Laser cutting systems can make cuts as small as the laser beam diameter, i.e. 210 microns in the better systems. Material limitations are sometimes an issue. Although the precise definition of “thick” is changing and dependent on material grade, laser cutting on thick polycarbonate substrates continues to be beyond the current systems’ capabilities such that discolorations usually occur. If polycarbonates are too thick for laser cutting, the best technology fit is usually with the high precision optically-registered steel rule die or hard tool cutting systems that can deliver registration accuracy +/-0.1 mm.

For especially long runs with many hundreds of thousands of linear feet the expenses for tooling are insignificant contributors to overall job cost and the delays for making tooling are insignificant, tool-based cutting systems (rotary die cutters, optically registered gap presses, platen presses) will continue to be the cutting method of choice. For such large orders, if dies can be fashioned to reliably handle the required details of part geometries, there is usually little advantage to laser cutting systems because even the highest wattage modern systems are still a bit slower.

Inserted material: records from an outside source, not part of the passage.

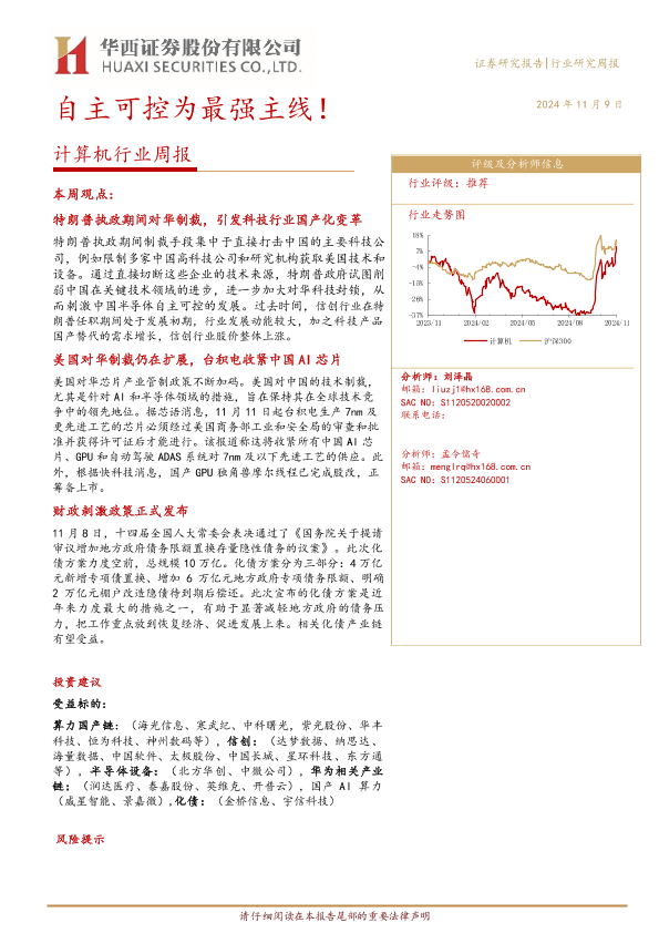 【华西证券】【20241109】20241109-华西证券-计算机行业周报:自主可控为最强主线!-29页
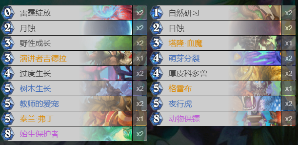 跳费体系的德鲁伊失去了一张很重要的牌:【溢流】。失去了【溢流】意味着跳费体系失去最重要的过牌手段,再看看下版本能用的牌会发现德鲁伊过牌不那么容易了(除非玩法术体系),所以要玩跳费体系我认为必然要带【动物保镖】体系。
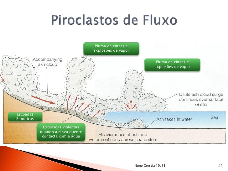 43. 43. Pluma de cinzas e explosões de vapor Pluma de cinzas e explosões de vaporEscoadasPomíticas Explosões violentas quando a cinza quente contacta com a água Nuno Correia 10/11 44
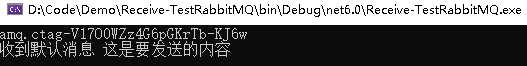 ... var channel = connection.CreateModel(); var consumer = new EventingBasicConsumer(channel); consumer.Received += (model, ea) => { var message = Encoding.UTF8.GetString(ea.Body.ToArray()); Console.WriteLine("收到默认消息 {0}", message); }; string msg = channel.BasicConsume(queue: "FirstQueue", autoAck: true, consumer: consumer);
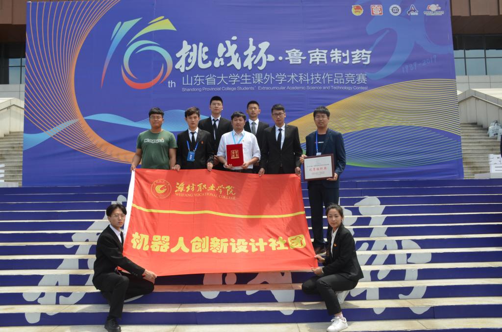 5月28日至30日,第十六届“挑战杯”·鲁南制药山东省大学生课外学术科技作品竞赛终审决赛在齐鲁工业大学(山东省科学院)长清校区举办,bv伟德机电工程学院辛海明、郭大路老师指导的刘月昊、姜云飞、辛丽萍、张昌鹏、胡芳娟五名学生负责的《全数字化枪刺簇绒智能机器人》项目入围终审决赛,经评审组现场质询、个别问辩及名单确定三个环节的严格评审,荣获省级特等奖。bv伟德是全省唯一一所荣获特等奖的高职院校,同时学院获得优秀组织奖。
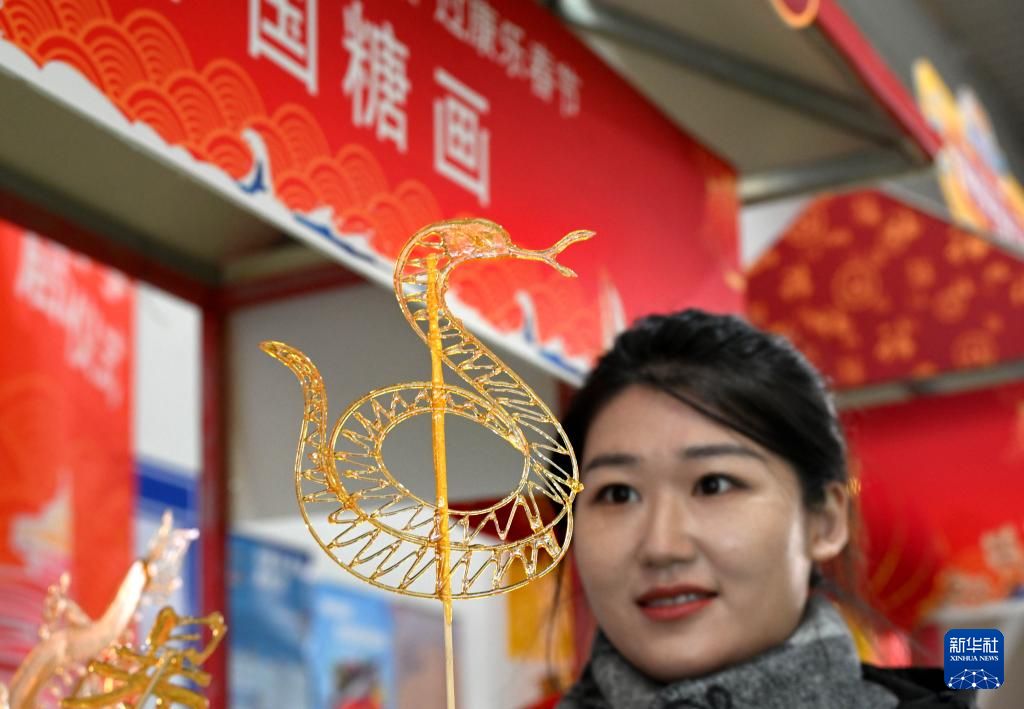 1月7日,在青岛市城阳区,一名女子在“海洋大集”非遗文化市集上选购糖画。新华社

A high-end fully featured laser cutting system costs US$250,000+, comparable to the cost of a high precision optically registered gap press. There are no additional costs for tooling however, which makes laser cutting systems comparably lower-priced over its lifetime.

Buyers Beware!—there is a wide range of capabilities in the laser cutting systems one runs into, largely determined by the sophistication of the software engineering employed. This means that you need to test various options thoroughly before you purchase a system.

One way to do that is by providing materials to get samples cut to your specifications and to look at the range of samples provided by manufacturers and the cutting precision they demonstrate. Better yet, it is highly recommended to enlist the contract manufacturing services that are provided by reputable laser cutting system manufacturers. These will not only demonstrate ability to generate the features your applications require but will give you details on expected operating efficiencies and throughput for your applications.

All metals are reflective to CO2 laser beams, until a certain power density threshold value is reached. Aluminium is more reflective than C-Mn steel or stainless steel and has the potential to cause damage to the laser itself. Most laser cutting machines use a laser beam aligned normal to a flat sheet of material. This means that should the laser beam be reflected by the flat sheet it can be transmitted back through the beam delivery optics, and into the laser itself, potentially causing significant damage. This reflection does not come entirely from the sheet surface, but is caused by the formation of a molten pool which can be highly reflective. For this reason, simply spraying the sheet surface with a non-reflective coating will not completely eliminate the problem. As a general rule the addition of alloying elements reduces the reflectivity of aluminium to the laser, so pure aluminium is harder to process than a more traditional 5000 series alloy.

With good, consistent cutting parameters the likelihood of a reflection can be reduced to almost zero, depending on the materials used. However it is still necessary to be able to prevent damage to the laser while developing the conditions or if something goes wrong with the equipment. The 'aluminium cutting system' which most modern equipment uses is actually a way of protecting the laser rather than an innovative technique for cutting. This system usually takes the form of a back reflection system which can detect if too much laser radiation is being reflected back through the optics. This will often automatically stop the laser, before any major damage is caused. Without this system there are risks with processing aluminium as there is no way of detecting if potentially hazardous reflections are occurring.

Note: Always check with the laser supplier that the system is designed for processing aluminium before attempting to cut it. Some other materials, for example brass, may also require the back reflection protection system so it is also advisable to check with the supplier before processing any new material.

Our entry-level unit is the 30 watt Zing 16 and that system starts from just $7,995 (US price only) -- a small investment for such a powerful piece of machinery! You can even lease to own the Zing 16 with payments as low as $150 a month (with approved credit). With a payment as low as $150 per month, you can pay for the system as you make money with the new cutting & engraving services you offer.

The cost of our various laser systems is determined by speed (stepper vs. servo motors), engraving table size, and laser wattage (ranging from 30 watts to 120 watts) and range from $7,995 to $45,000 (US price only).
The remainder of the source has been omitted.